Night of the Furies
he Rosebuds third album, Night of the Furies, ditches the indie signifiers that blurred the aural distinction between them and a clutch of early noughties indie acts. Guitars are buried in the mix; nostalgic whimsy is beaten into something darker. It’s not exactly a scaling-back—there’s still plenty going on in these rich, dark-chocolate songs—but as the Rosebuds have streamlined to two full time members, so the songs no longer sound like cheerful committee-efforts wrestled to a cozy, amicable standstill in the middle of Indie Park.
It’s whimsy gone serious, or almost.

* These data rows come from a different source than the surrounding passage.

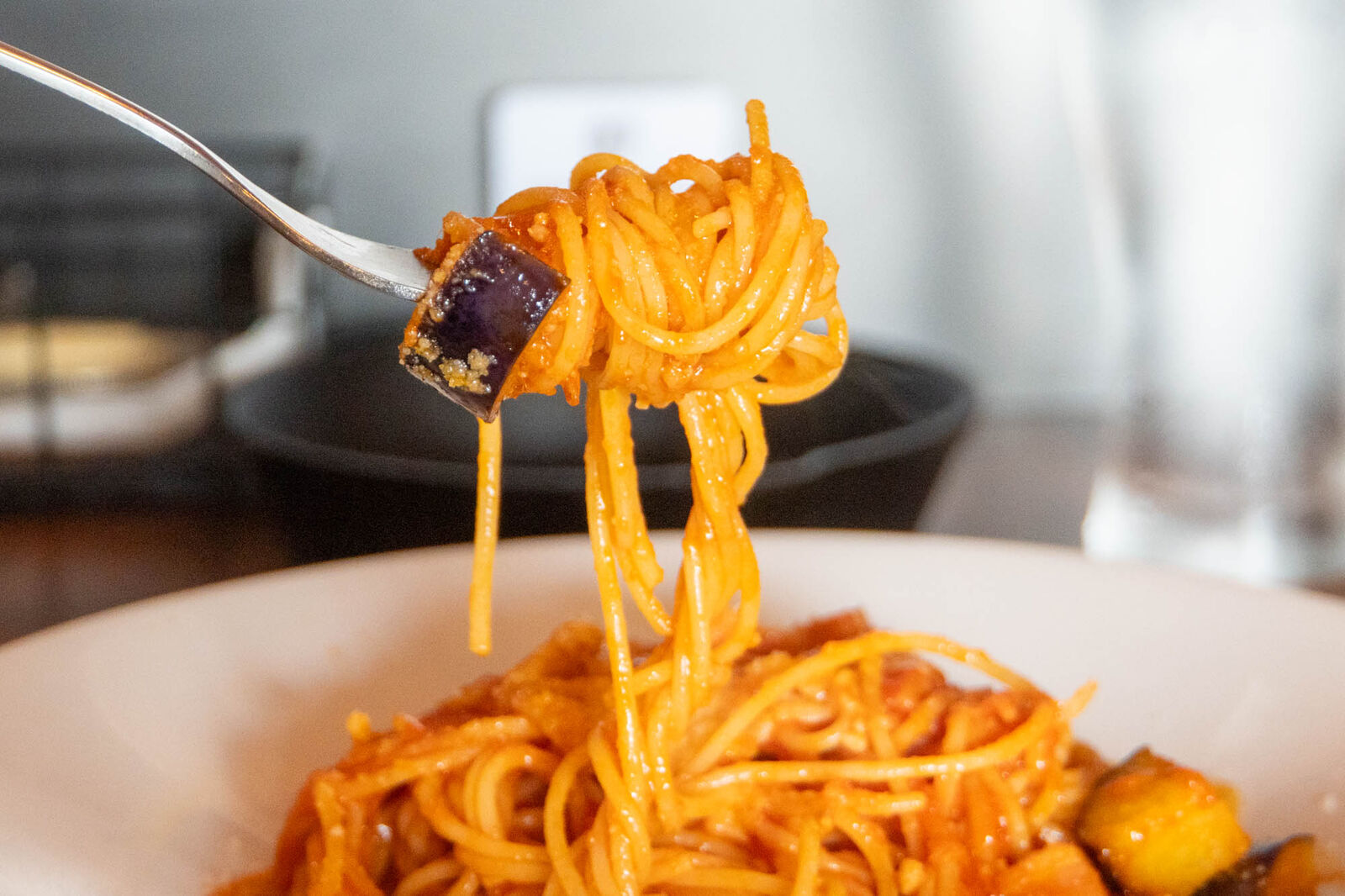 ナスとベーコンもたくさん入っていて、具材の食感を感じられるサイズ感も好き!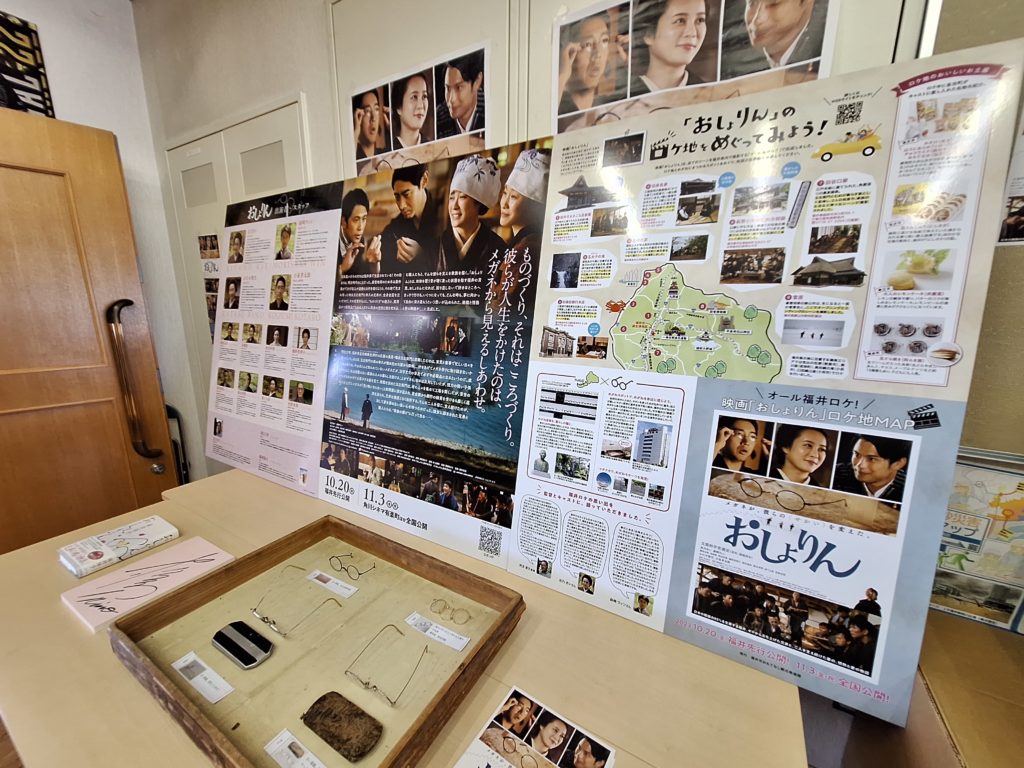 麻生津公民館には、地域の誇る様々な情報が集まります。今は、映画「おしょりん」の資料がたくさん並んでいます。増永眼鏡さんが提供してくださった昔の珍しい眼鏡も置いてあります。地域の方が、映画「おしょりん」の新聞記事を集めた資料集も作成され、飾られています。皆さんの熱い思いが伝わります。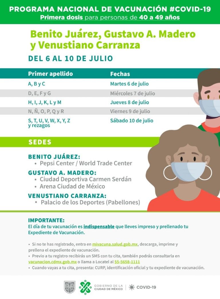 Al mismo tiempo, se aplicará la vacuna a los adultos que entren en el rango de edad de entre 40 y 49 años, para quienes vivan en las alcaldías Benito Juárez, Gustavo A. Madero y Venustiano Carranza.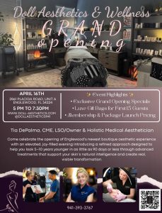 Doll Aesthetics and Wellness April 16 @ 5:00 pm - 7:30 pm Screenshot Add to calendar Google Calendar iCalendar Outlook 365 Outlook Live Details Date: April 16 Time: 5:00 pm - 7:30 pm Doll Aesthetics and Wellness 2861 Placida Rd Unit A Englewood, 34224 United States + Google Map Phone: 941-393-3767 Website: View Venue Website Previous event Gasparilla Grande Slam Back Bay Next event Worlds Richest Tarpon Tournament
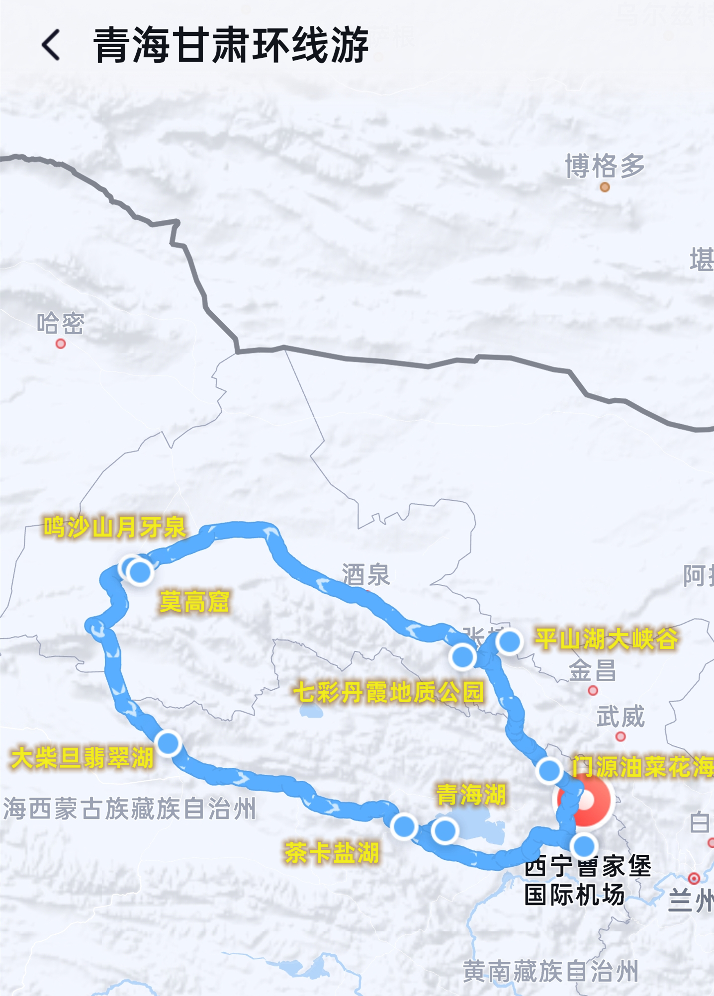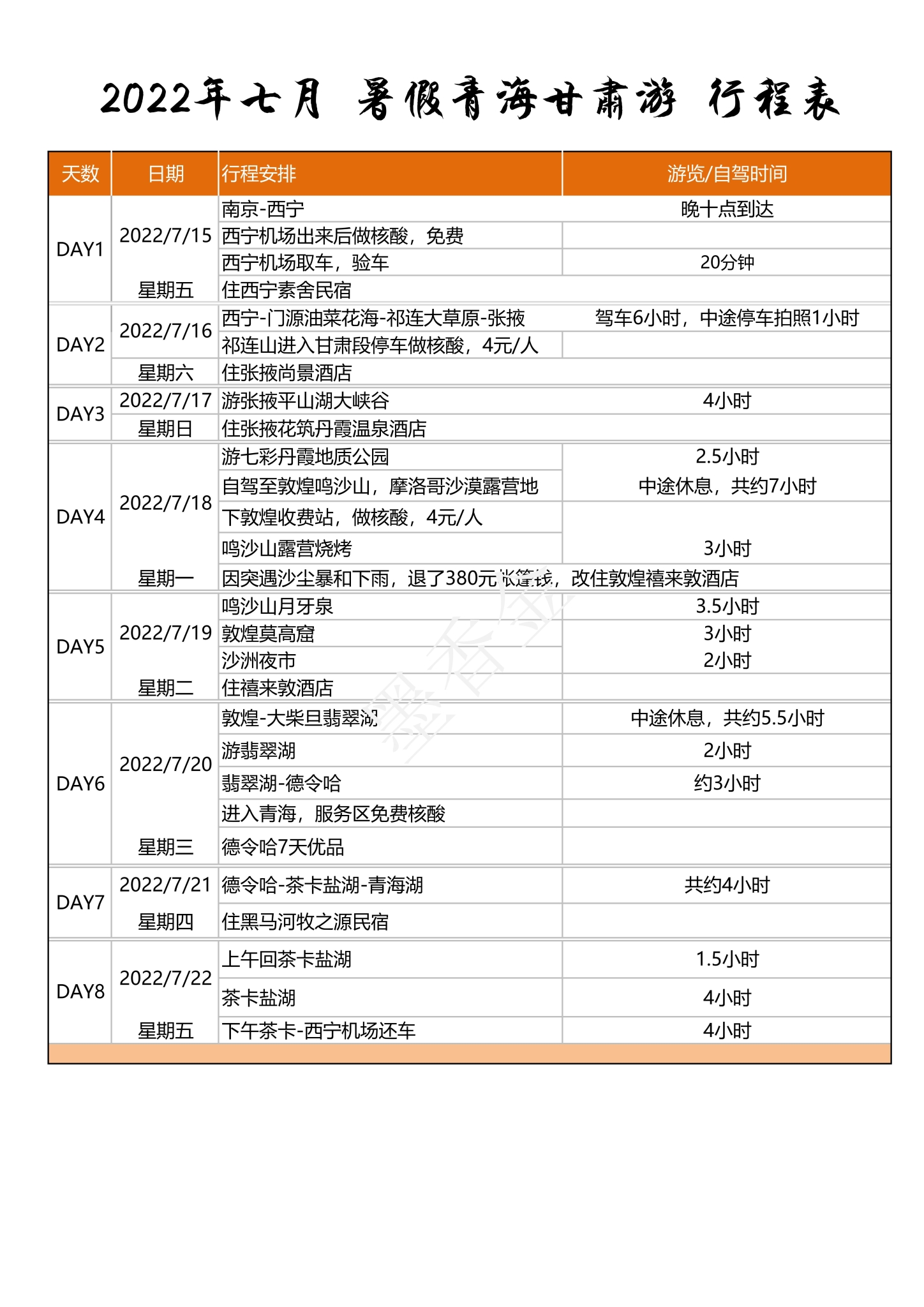 此行原本计划是顺时针环形即西宁-茶卡盐湖-敦煌-张掖-西宁,但是落地当天西宁下起小雨且之后的几天都是阴雨,去盐湖必须要天晴不然什么景色都看不到,好在是自驾,可以随时改,之前订好的酒店都可以免费退掉。以下是本次8天自驾游的行程表:

Where The Rosebuds Make Out was dreamy songs about road trips and kisses, in which occasionally synthesizer lines paid tribute to the idea of something more serious than the second-hand refurbished guitar pop that filled out the album, Night of the Furies has a dark, lambent grace illuminated by moonlit synthesizers. Call it Disco ‘Buds, not Buds-lite. A fully-posable sobriety counters any looming campiness, freighted by the not-quite-concept of the album, a doomed romance between a man and a Fury. The man sings songs that seduce and also, according to the liner notes, “loved dogs and birds and was a very sensitive, good-natured individual.” You’d almost think they were taking the piss, except that the Rosebuds have always been musical Cheshire Cats, their pop smiles suspended amidst deeper stuff.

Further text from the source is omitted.